Las cosas no podían ir mejor.
Durante la semana que siguió a la noche de la reconciliación, todo había regresado a la normalidad. Casi parecía mentira que alguna vez hubieran estado peleados. Los cuatro estaban más juntos que nunca. Asistían a clases, pasaban los ratos libres, acompañaban a James a sus duras sesiones de entrenamiento de quidditch, todo como lo habían hecho siempre.
Todo era absoluta y perfectamente normal.

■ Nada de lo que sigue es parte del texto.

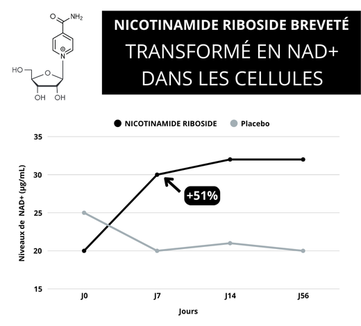 (Nicotinamide Riboside) : Nouvelle forme brevetée de vitamine B3 à l’efficacité démontrée sur sa capacité à augmenter efficacement les niveaux de NAD+ par synthèse endogène.
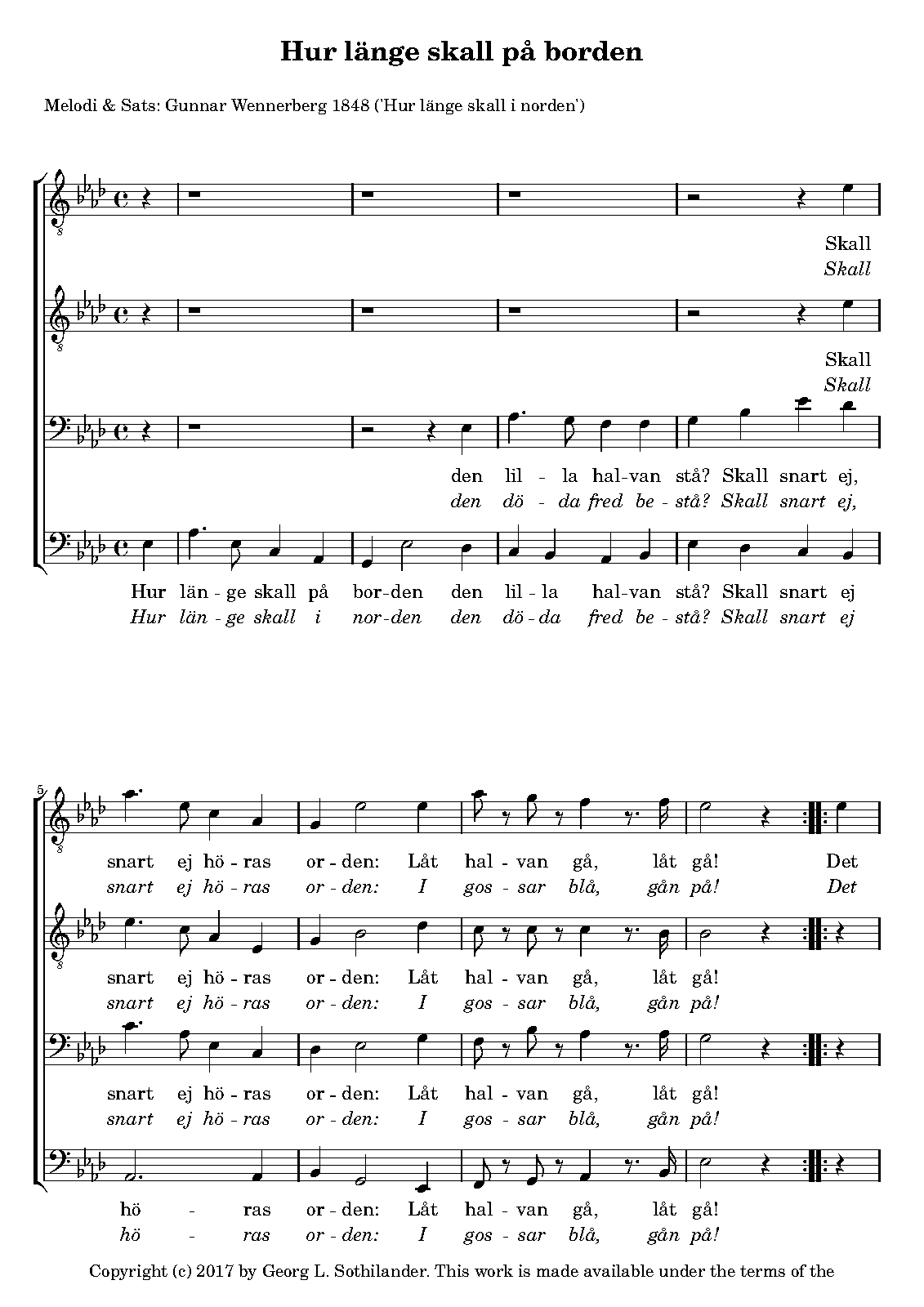 The original text is "Hur länge skall i norden den döda frid bestå?". A new text has been written to use the music as a drinking song.

Hasta que un día, en una de las clases de Adivinación, mientras observaban las bolas de cristal con aburrimiento, James les llamó la atención a los dos con un gesto, indicándoles que se acercaran a él.
Curiosos, Sirius y Peter no dudaron en obedecer, y acortaron las distancias que había entre ellos.
—Quiero que me ayuden con algo —musitó Cornamenta, con los ojos brillantes.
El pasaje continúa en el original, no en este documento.